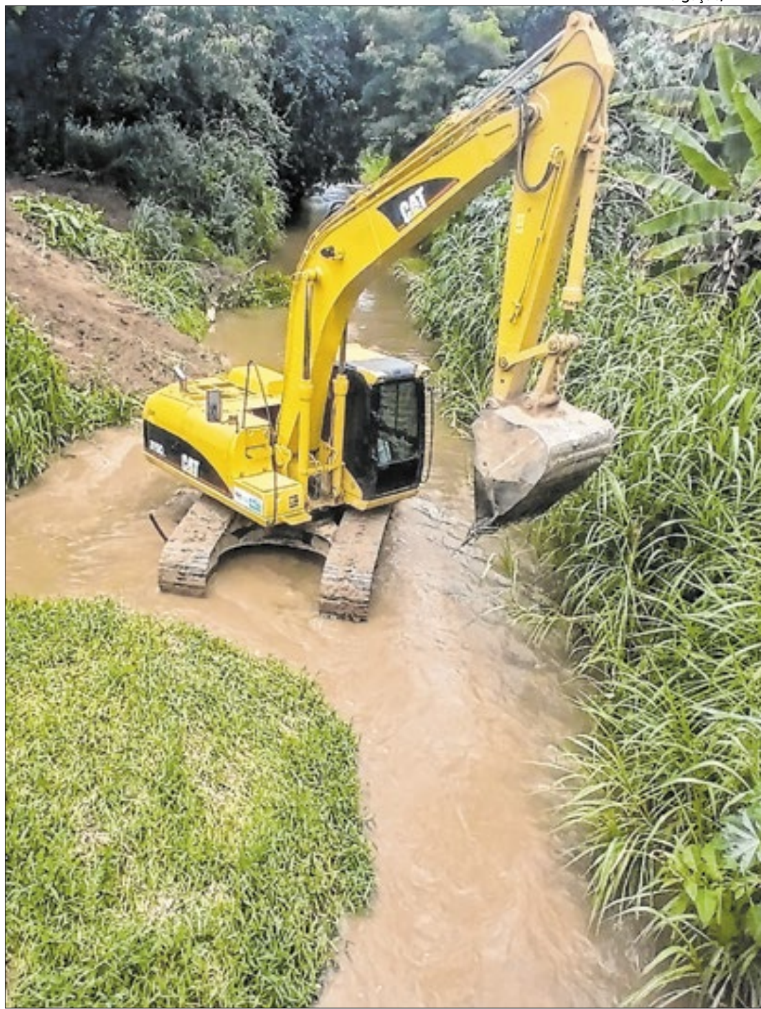
O Rio Bocaina, em Barra Mansa, recebeu serviços do Programa Limpa Rio
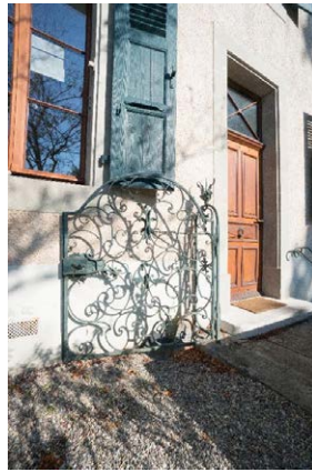
Façade est, détail de la porte en ferronnerie
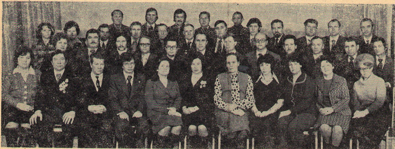
Делегация коммунистов Белоярской АЭС — самая многочисленная на конференции.

ИЗ ПОСТАНОВЛЕНИЯ XXIX ОТЧЕТНО-ВЫБОРНОЙ КОНФЕРЕНЦИИ ПАРТИЙНОЙ ОРГАНИЗАЦИИ БЕЛОЯРСКОГО РАЙОНА.
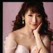
辰巳 真理恵 (ソプラノ)
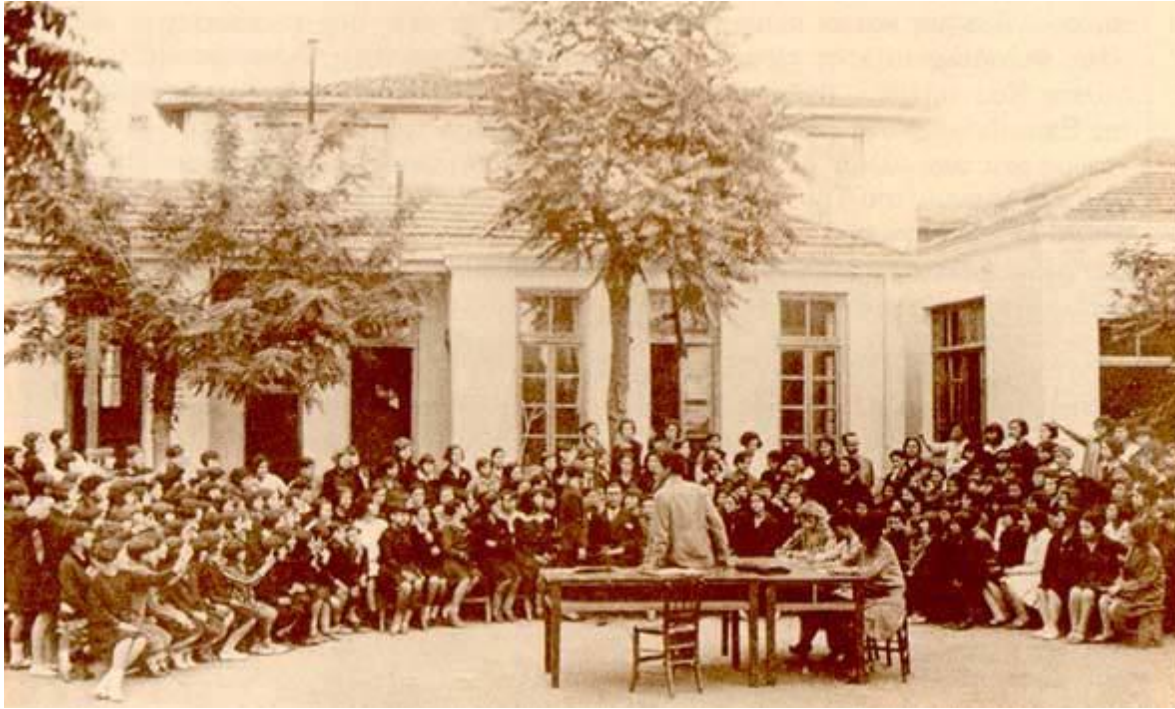
Η «Συγκέντρωση της Πέμπτης» (Α. Δημαράς (επιμ.), Μ. Κουντουράς, Κλείστε τα Σχολειά , (Εκπαιδευτικά Άπαντα), τομ. Β΄, Εκδόσεις Γνώση, Αθήνα 1985)
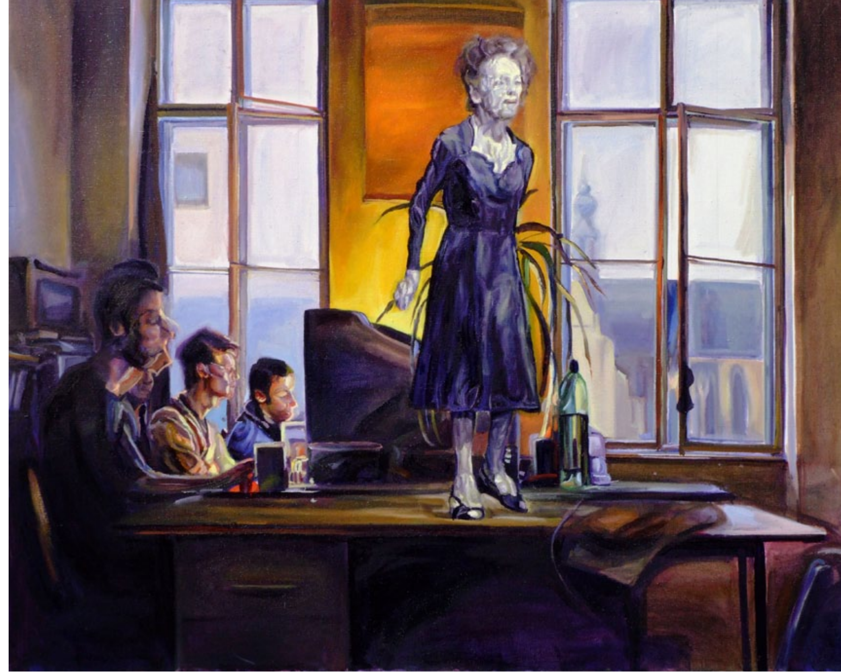
Studienzimmer, 160 x 140 cm, Öl auf Leinwand, 2007
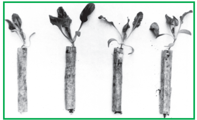
Рис.1. Паперові стаканчики (paper-pot) з рослинами цукрових буряків

Висновки. Розсадний спосіб вирощування цукрових буряків сприяє збільшенню вегетаційного періоду на 35...40 днів та суттєвому підвищенню врожайності коренеплодів і збору цукру з одиниці площі. При цьому зменшується шкодочинність шкідників та хвороб, таких як коренеїд, гнилі, нема-
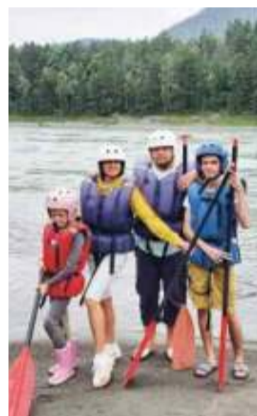
С семьей на реке Катунь (Алтай)

Ну а в свободную минуту одно из увлечений – кулинария, приготовление различных блюд вплоть до самых экзотических. Также профлидер любит путешествовать вместе с семьей, открывая для себя новые места на карте России.
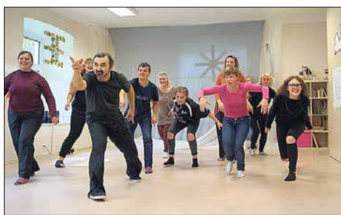
Izrādes iestudējuma process ilga visas dienas garumā.

Apmācībās tikās 12 jaunieši no Ikšķiles, Lielvārdes un Ogres, kā arī viesi no Baltkrievijas. Apmācību mērķis bija veicināt jauniešu izpratni par to, ka ikvienam no mums ir tiesības dzīvot pilnvērtīgu un aktīvu dzīvi, neskatoties uz fiziskajiem vai garīgajiem trūkumiem, kā arī sagatavot brīvprātīgos jauniešus atbalsta dar-
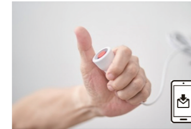
スイッチが押されたら
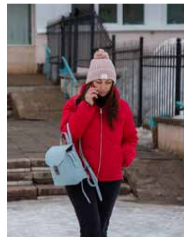
Неожиданный звонок от руководителя? Включите критическое мышление

По всем выявленным случаям мошеннических действий с использованием общедоступных сервисов коммуникации (электронная почта, мессенджеры, телефонные звонки и т.д.) в отношении сотрудников компании незамедлительно сообщайте на sb@kamaz.ru (в глобальном списке адресов «Блок безопасности ПАО «КАМАЗ») с указанием всех обстоятельств инцидента.
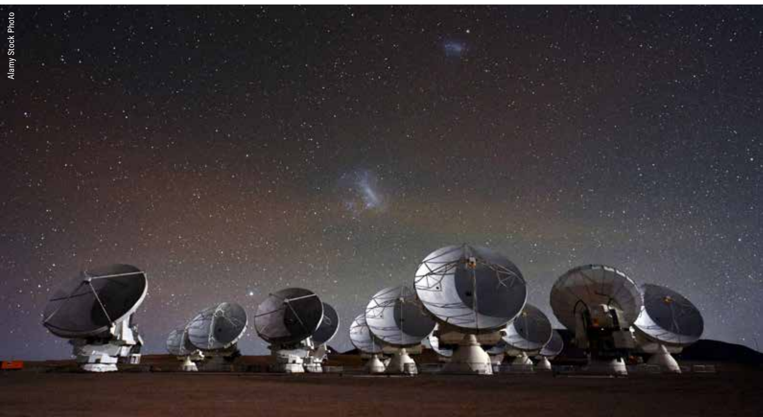
ALMA (Atacama Large Millimeter/submillimeter Array) — Атакамская большая антенная решётка миллиметрового диапазона — комплекс из 66 радиотелескопов, расположенных в чилийской пустыне Атакама на высоте 5 км

* WHAT THE TASK REQUIRES: Reproduce the data above exactly, but only the lines from the one showing "辰巳 真理恵 (ソプラノ)" through the one showing "Рис.1. Паперові стаканчики", with both ends kept and the pictures left out.

* EXERCISE OUTPUT:
辰巳 真理恵 (ソプラノ)
Η «Συγκέντρωση της Πέμπτης» (Α. Δημαράς (επιμ.), Μ. Κουντουράς, Κλείστε τα Σχολειά , (Εκπαιδευτικά Άπαντα), τομ. Β΄, Εκδόσεις Γνώση, Αθήνα 1985)
Studienzimmer, 160 x 140 cm, Öl auf Leinwand, 2007
Рис.1. Паперові стаканчики (paper-pot) з рослинами цукрових буряків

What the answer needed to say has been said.